Beyond robotics, our AlphaChip reinforcement learning method for accelerating and improving chip floorplanning is transforming the design process for chips found in data centers, smartphones and more. To accelerate adoption of these techniques, we released a pre-trained checkpoint to enable external parties to more easily make use of the AlphaChip open source release for their own chip designs. And we made Trillium, our sixth-generation and most performant TPU to date, generally available to Google Cloud customers. Advances in computer chips have accelerated AI. And now, AI can return the favor.

Left: Animation showing AlphaChip placing the open-source, Ariane RISC-V CPU, with no prior experience. Right: Animation showing AlphaChip placing the same block after having practiced on 20 TPU-related designs.

AlphaChip can learn the relationships between interconnected chip components and generalize across chips, letting AlphaChip improve with each layout it designs.

Our research also focused on correcting the errors in the physical hardware of today's quantum computers. In November, we launched AlphaQubit, an AI-based decoder that identifies quantum computing errors with state-of-the-art accuracy. This collaborative work brought together Google DeepMind’s ML knowledge and Google Research’s error correction expertise to accelerate progress on building a reliable quantum computer. In tests, it made 6% fewer errors than tensor network methods and 30% fewer errors than correlated matching.

Then in December, the Google Quantum AI team, part of Google Research, announced Willow, our latest quantum chip which can perform in under five minutes a benchmark computation that would take one of today’s fastest supercomputers 10 septillion years. Willow can reduce errors exponentially as it scales up using more qubits. In fact, it used our quantum error correction to cut the error rate in half, solving a 30+ year challenge known in the field as “below threshold.” This leap forward won the Physics Breakthrough of the Year award.

Animation showing the California coast behind a quantum chip and the word Willow

Willow has state-of-the-art performance across a number of metrics.

Uncovering new solutions: progress in science, biology and mathematics

We continued to push the envelope on accelerating scientific progress with AI-based approaches, releasing a series of tools and papers this year that showed just how useful and powerful a tool AI is for advancing science and mathematics. We're sharing a few highlights.

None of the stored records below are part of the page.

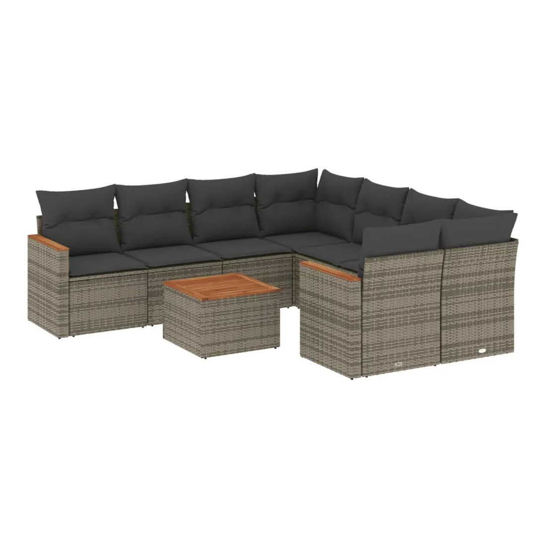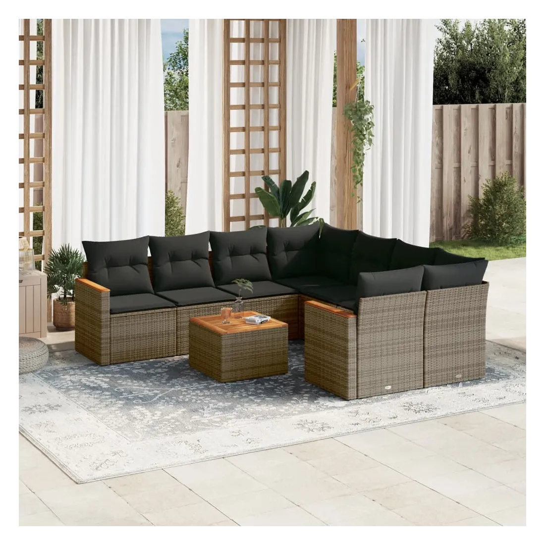 Cet ensemble de canapés de jardin est le complément parfait de votre arrière-cour, terrasse ou patio, offrant un espace confortable et accueillant pour discuter avec la famille et les amis ou simplement se détendre et profiter de l'extérieur. Matériau durable : la résine tressée, également connue sous le nom de poly rotin, est un matériau synthétique solide et nécessitant peu d'entretien qui ressemble au rotin naturel. Il est léger, facile à nettoyer et couramment utilisé pour les meubles d'extérieur en raison de sa durabilité et de ses propriétés de résistance aux intempéries.Fonction de rangement avec sac résistant à l'eau : le mobilier de jardin dispose d'un espace de rangement sous l'assise, complété par un sac résistant à l'eau pour ranger coussins, jouets et autres objets. Le sac intérieur peut être solidement fixé au mobilier d'extérieur grâce à des attaches auto-agrippantes pour plus de stabilité.Dessus stable et facile à nettoyer : cette table de jardin a un dessus en bois d'acacia robuste, durable et facile à nettoyer avec un chiffon humide.Housse amovible et lavable : ces coussins de siège sont dotés de housses amovibles pour un lavage et un entretien faciles.Conception modulaire : cet ensemble de meubles d'extérieur a une conception modulaire, ce qui le rend complètement flexible et facile à déplacer, afin que vous puissiez créer un agencement de meubles d'extérieur personnalisé. Bon à savoir :Pour que vos meubles d'extérieur restent beaux, nous vous recommandons de les protéger avec une housse imperméable.
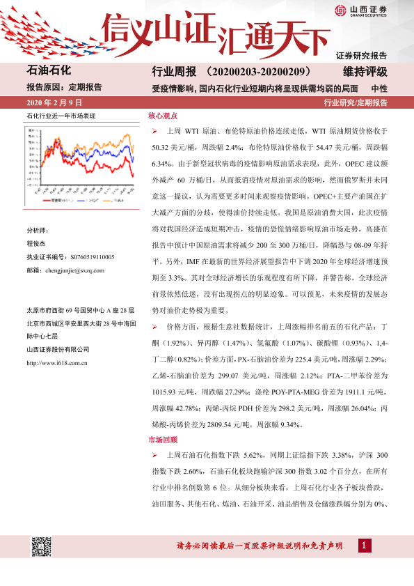 【山西证券】【20200209】20200209-山西证券-石油石化行业周报:受疫情影响,国内石化行业短期内将呈现供需均弱的局面-12页
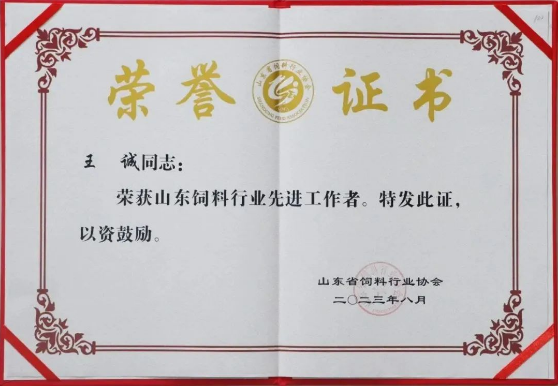 2023-9-2 山东健源生物董事长王诚荣获2023山东饲料行业先进工作者
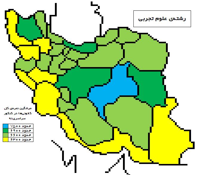 در شکلهای زیر میانگین «نمره کل» کنکور سراسری 91 دانشآموزان
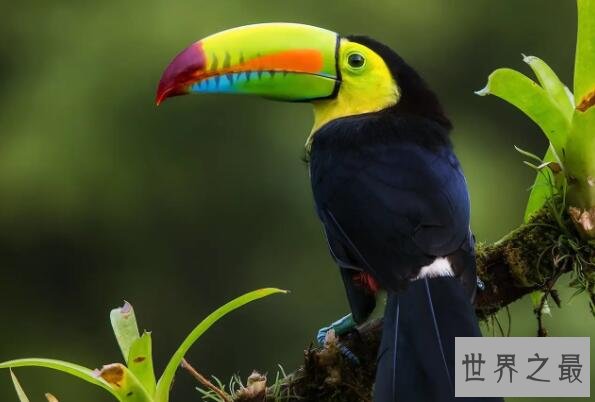 彩虹巨嘴鸟是因它巨大的嘴巴而得名的鸟类,这个中型攀禽比较特别的是因为它们的鸟嘴上分布有彩色的斑块,且它们的体羽也分为多种颜色,如柠檬黄色、藏蓝黑色和鲜红色,目前这个主要食用昆虫、果实和种子的鸟类被伯利兹定为国鸟。
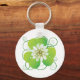 Green Four Leaf Clover with White Floral Bloom Keychain
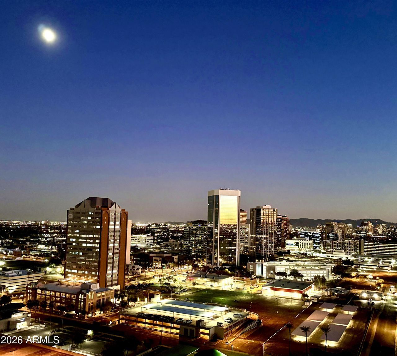 Million dollar views!! This desirable, 17th floor,2 bedroom, 2 bathroom end unit has forever views of the beautiful Phoenix skyline and surrounding mountains. Enjoy the nighttime lights from 3 large balconies. Bring your design ideas to this blank canvas. ALL UTILITIES ARE INCLUDED IN THE HOA! Amenities galore, like workout facility, 24/7 concierge, 3 elevators, Assigned gated secured parking and more. Perfectly located in Midtown close to the light rail for convenient access to all the fantastic sport and concert venues, not to mention the GREAT dining. Take the light rail to the airport or ASU Law & Medical Campuses, Symphony Hall, ASU Tempe.
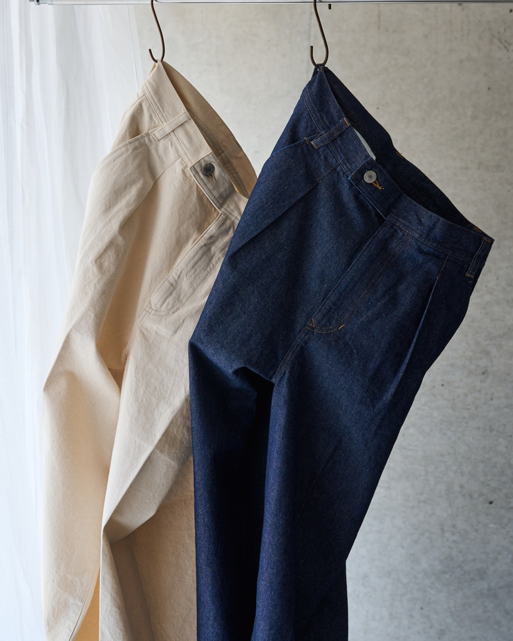 デニムワーキングトラウザーズ 全2色 ¥26,400(BRITISH MADE)岡山県産の10ozデニムで仕立てた新作トラウザーズは、マニッシュな着こなしが叶う股上深めのワンタックシルエットがポイント。程よく力の抜けた佇まいの中に、凛とした上品さもあり、一本で新鮮さももたらしてくれるこの春の大本命です。夏にはサンダルを合わせて、ゆるりと穿くのも◎。
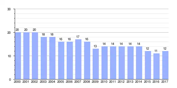 | Gráfica de evolución demográfica de Vivero[2] entre 2000 y 2017 |
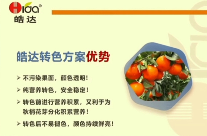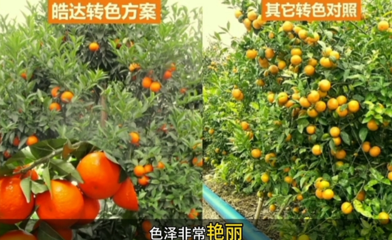 柑橘果實皮亮色艷,可直接提高商品價值,今天給大家分享皓達柑橘轉色方案如何讓果子快速轉色,果皮轉色后不褪色。
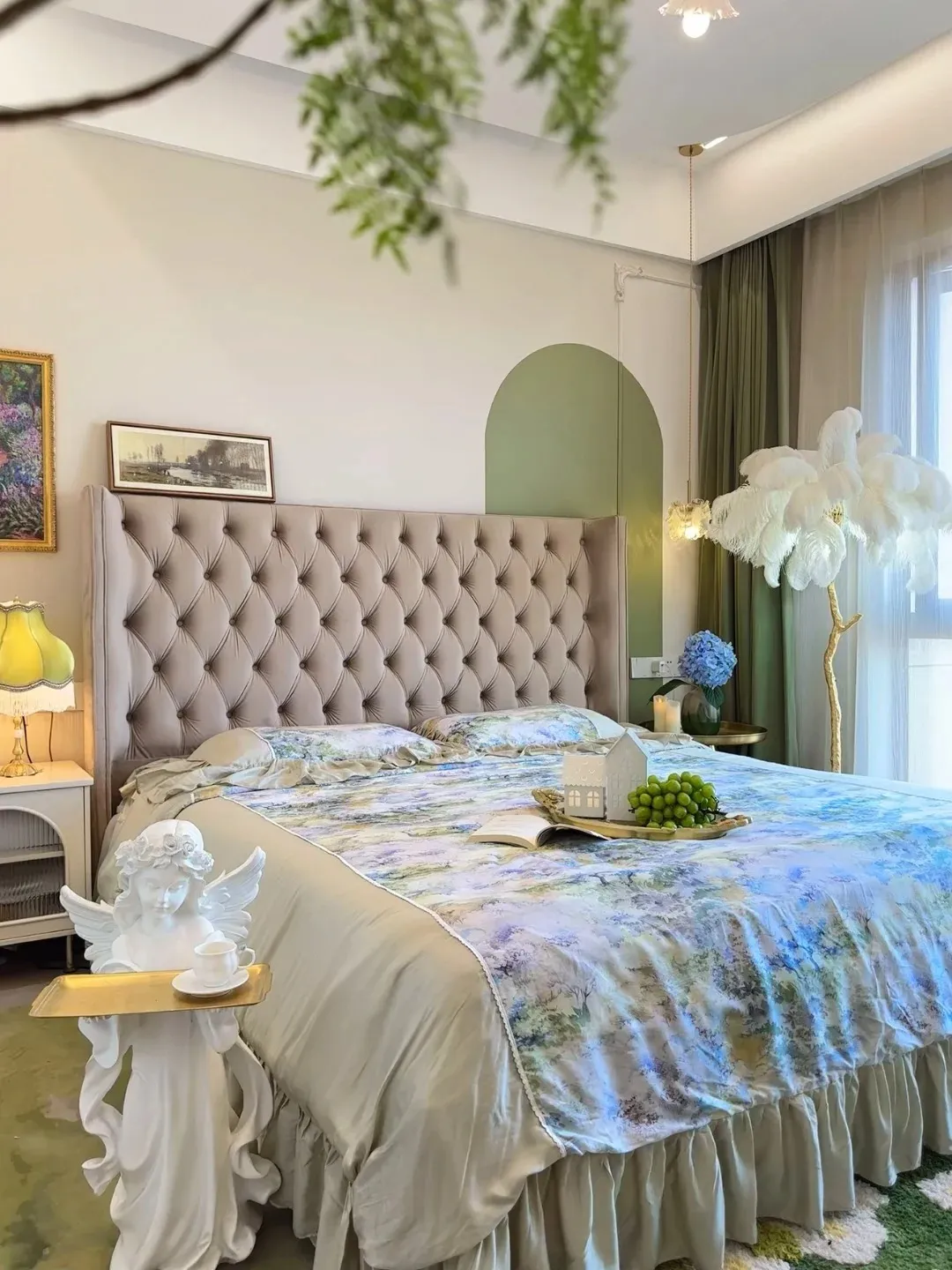 卧室就更简单了,软包床头+淡色系床品,没有多余的装饰,只在床头摆了几株小绿植,灯光选的是暖黄光,晚上哄娃睡觉不刺眼,早上拉开窗帘,阳光洒进来,起床都变开心了。

In January, we introduced AlphaGeometry, an AI system engineered to solve complex geometry problems. Our updated version, AlphaGeometry 2, and AlphaProof, a reinforcement-learning-based system for formal math reasoning, achieved the same level as a silver medalist in July 2024’s International Mathematical Olympiad.

A geometric diagram featuring a triangle ABC inscribed in a larger circle, with various points, lines and another smaller circle intersecting the triangle

AlphaGeometry 2 solved Problem 4 in July 2024’s International Mathematical Olympiad within 19 seconds after receiving its formalization. Problem 4 asked to prove the sum of ∠KIL and ∠XPY equals 180°.

In collaboration with Isomorphic Labs, we introduced AlphaFold 3, our latest model which predicts the structure and interactions of all of life’s molecules. By accurately predicting the structure of proteins, DNA, RNA, ligands and more, and how they interact, we hope it will transform our understanding of the biological world and drug discovery.

Colorful protein structure against an abstract pink and blue gradient background

AlphaFold 3’s capabilities come from its next-generation architecture and training that now covers all of life’s molecules.

We made several key developments in protein-shaping. We announced AlphaProteo, an AI system for designing novel, high-strength protein binders. AlphaProteo can lead to the discovery of new drugs, the development of biosensors and improve our understanding of biological processes.

Illustration of a predicted protein binder structure in blue interacting with a target protein in yellow

AlphaProteo can generate new protein binders for diverse target proteins.

In collaboration with Harvard’s Lichtman Lab and others, we produced a nano-scale mapping of a piece of the human brain at a level of detail never previously achieved, and made it publicly available for researchers to build on. This follows a decade of working to advance our understanding of connectomics, with earlier work on fly brain and mouse brain connectomics now giving way to the larger scale and more complex human brain connectomics.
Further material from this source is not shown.